Question

The magnetic induction of the field at the point $O$ of a loop with current $I$, whose shape is illustrated in figure above is given as $B=\frac{{\mu }_0}{4\pi }i[\frac{x\pi }{2a}+\frac{\sqrt{2}}{b}]$. The radius $a$ and the side $b$ are known.
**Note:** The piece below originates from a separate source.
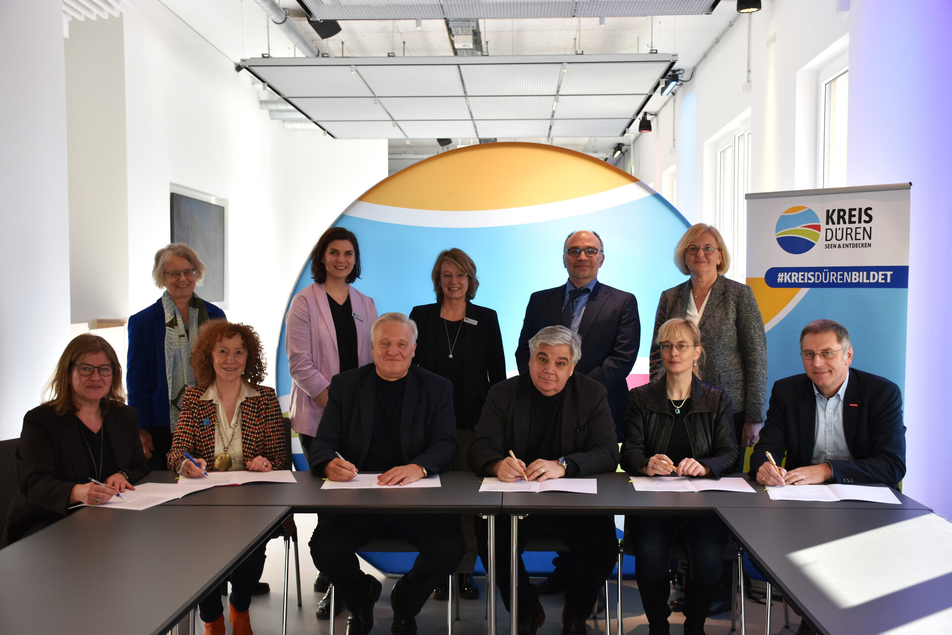 Landrat Wolfgang Spelthahn unterzeichnete gemeinsam mit den Vertreterinnen und Vertretern der job-com, der Schulaufsicht, der Agentur für Arbeit Aachen-Düren, der Handwerkskammer Aachen (HWK) und der Industrie- und Handelskammer Aachen (IHK) eine Vereinbarung, die die Zusammenarbeit, die Abläufe und Strukturen stärkt. Sie tritt am Mittwoch, 1. Februar, in Kraft.

Find the value of $x$.

Answer 1

Here, $B_1=\frac{{\mu }_0}{4\pi }\frac{i}{a}\frac{3\pi }{2}$, $\overrightarrow{B_2}=0$,

$B_3=\frac{{\mu }_0}{4\pi }\frac{i}{b}\sin {45}^{\circ }$,
$B_4=\frac{{\mu }_0}{4\pi }\frac{i}{b}\sin {45}^{\circ }$,
and $B_5=0$
So, $B_0=B_1+B_2+B_3+B_4+B_5$
$=\frac{{\mu }_0}{4\pi }\frac{i}{a}\frac{3\pi }{2}+0+\frac{{\mu }_0}{4\pi }\frac{i}{b}\sin {45}^{\circ }+\frac{{\mu }_0}{4\pi }\frac{i}{b}\sin {45}^{\circ }+0$
$=\frac{{\mu }_0}{4\pi }i[\frac{3\pi }{2a}+\frac{\sqrt{2}}{b}]$